Something like Meta Browser to manage the library

Could also use My Movies which would do both and they now support TV shows also I think, not as customizable as Media Browser but still very good.

But first and formost get AnyDVD HD to get around all those pesky issues with disks, I have never had a disk that I couldn't play with it. Have watched all the Star Wars BluRay with that and TMT3, I rip only the main movie to my hard drive.

Ours is all controlled from two different Harmony remotes on two TV's


----------



## Jasonpctech (Apr 20, 2010)

I second that suggestion. I use AnyDVD HD and My movies with Jriver MC. Flawless playback and It's been a year now no issues. I would like to add seek out a loftek n7 mini keyboard.


----------



## StereoClarity (Apr 22, 2008)

Windows Media Center tag team with Arcsoft Total Media Theater.


----------



## aLittletank (Dec 25, 2011)

I just bought a Panasonic 110 as a standalone player for BluRays. Now I need to download and install software to manage all my movies that are stored on my HTPC. I would like software that makes it easy for my wife and 13yr old to access our movie library when I am not there. 

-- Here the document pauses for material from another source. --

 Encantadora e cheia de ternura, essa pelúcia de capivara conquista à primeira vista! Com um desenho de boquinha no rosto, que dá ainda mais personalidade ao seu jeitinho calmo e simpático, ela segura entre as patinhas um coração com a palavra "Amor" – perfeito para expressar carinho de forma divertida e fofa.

What software would you consider to be the easiest to navigate?


----------



## KalaniP (Dec 17, 2008)

aLittletank said:


> I just bought a Panasonic 110 as a standalone player for BluRays. Now I need to download and install software to manage all my movies that are stored on my HTPC. I would like software that makes it easy for my wife and 13yr old to access our movie library when I am not there.
> 
> What software would you consider to be the easiest to navigate?


AppleTV is easiest, no doubt, but you'll likely need to transcode the video to the correct format.

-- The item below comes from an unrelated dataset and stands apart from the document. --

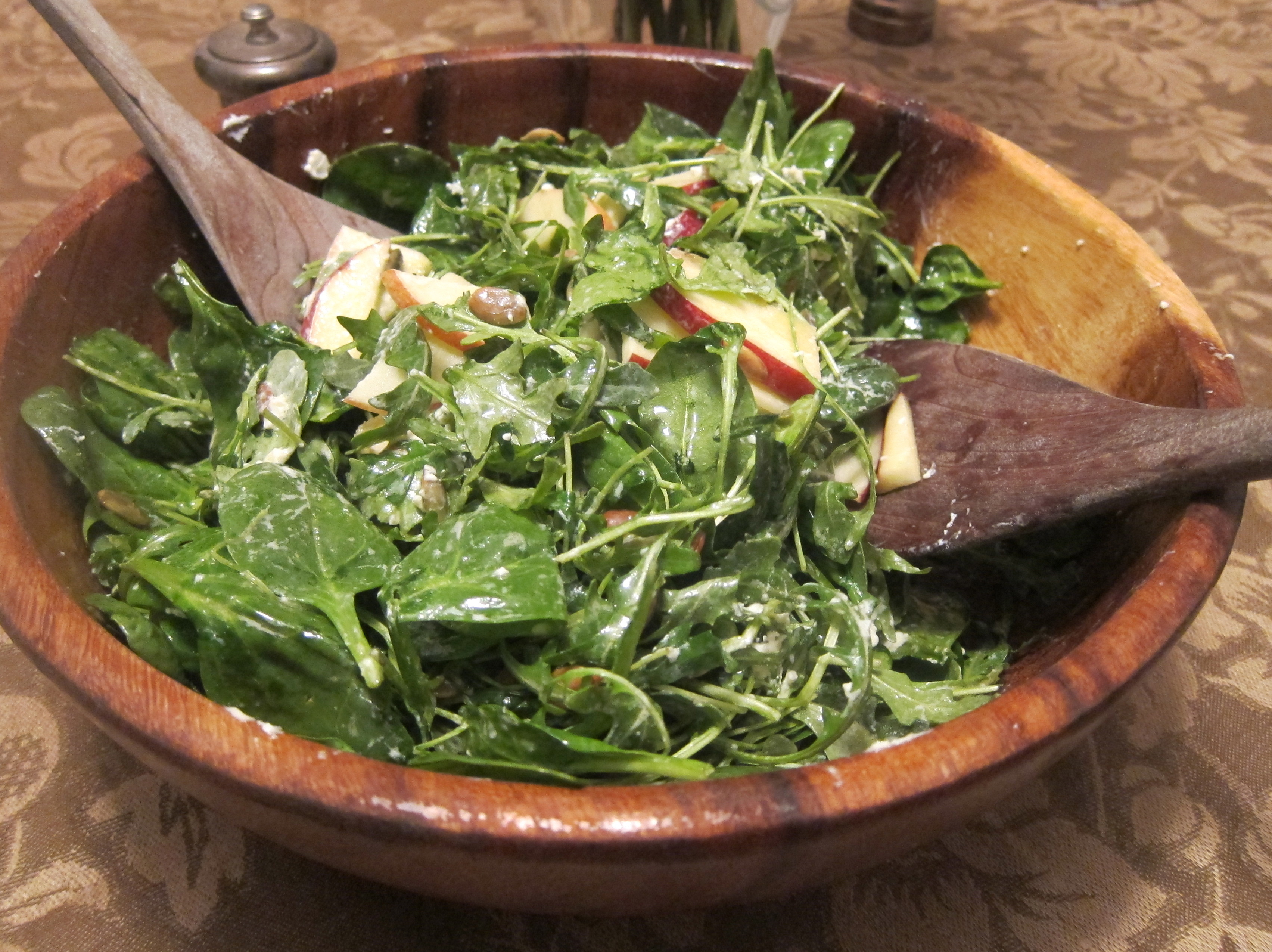 You would be wise to follow my lead and take this arugula and spinach salad with apples, goat cheese and pepitas to the next dinner party you are invited to join. It’s fabulous.

Very high WAF factor, and inexpensive.

DVD content is fine, but BR rips will be downconverted to 720p (which still look excellent). May or may not be sufficient for you, but it's likely totally fine for a wife and kid.


----------



## chris71478 (Dec 2, 2011)

I use wmc with mediabrowser. A bit of a learning curve to set up, but very easy to use. My five year old son can navigate it with little trouble.


----------



## aLittletank (Dec 25, 2011)

KalaniP said:


> AppleTV is easiest, no doubt, but you'll likely need to transcode the video to the correct format.
> 
> Very high WAF factor, and inexpensive.
> 
> DVD content is fine, but BR rips will be downconverted to 720p (which still look excellent). May or may not be sufficient for you, but it's likely totally fine for a wife and kid.


When you say that I will have to transcode the video do you mean that all 500+ videos on my HTPC will have to be processed individualy? That could be a deal breaker.


----------



## aLittletank (Dec 25, 2011)

chris71478 said:


> I use wmc with mediabrowser. A bit of a learning curve to set up, but very easy to use. My five year old son can navigate it with little trouble.

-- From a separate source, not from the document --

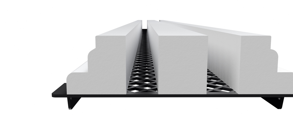 Berėmis gipsinis dviejų plyšių difuzorius Ventmann LINE, 1.25 m ilgio, su 12 mm pločio plyšiais. Tinkamas oro tiekimui ir ištraukimui, glaistomas ir dažomas, sukuriantis minimalistinį, paslėptą vėdinimo sprendimą.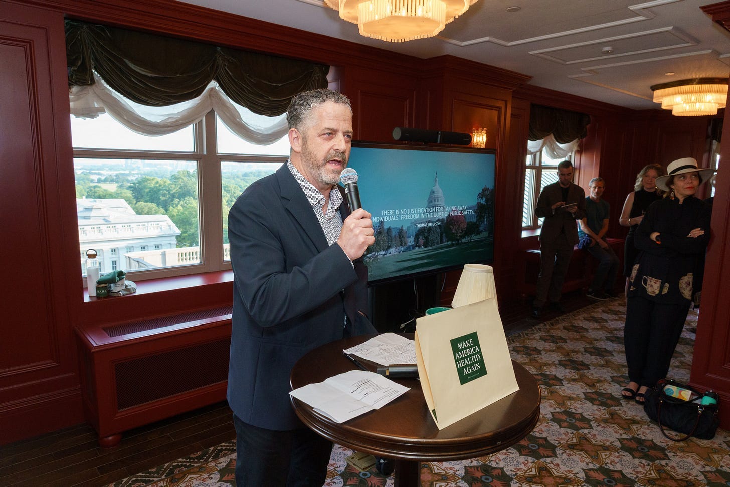 “Welcome to the MAHA Revolution,” a man’s voice echoed across the 9th floor of Ned’s Club on Monday evening, July 21, just as the sun began to dip behind the U.S. Treasury Building. Cocktail chatter stopped.

Interesting, I will check that out when I get home because the system at work doesn't like the mediabrowser website. Will WMC integrate with a Harmony 900 remote as long as I have an IR usb adapter?


----------



## KalaniP (Dec 17, 2008)

aLittletank said:


> When you say that I will have to transcode the video do you mean that all 500+ videos on my HTPC will have to be processed individualy? That could be a deal breaker.


Unless they happen to be in the correct MP4 format already, yes. ATV doesn't do MKV, for instance.

It'd likely be a simple Handbrake batch job, but I can understand your reluctance. I started with ATV from the beginning, so it was no big deal for me.


----------



## chris71478 (Dec 2, 2011)

aLittletank said:


> Interesting, I will check that out when I get home because the system at work doesn't like the mediabrowser website. Will WMC integrate with a Harmony 900 remote as long as I have an IR usb adapter?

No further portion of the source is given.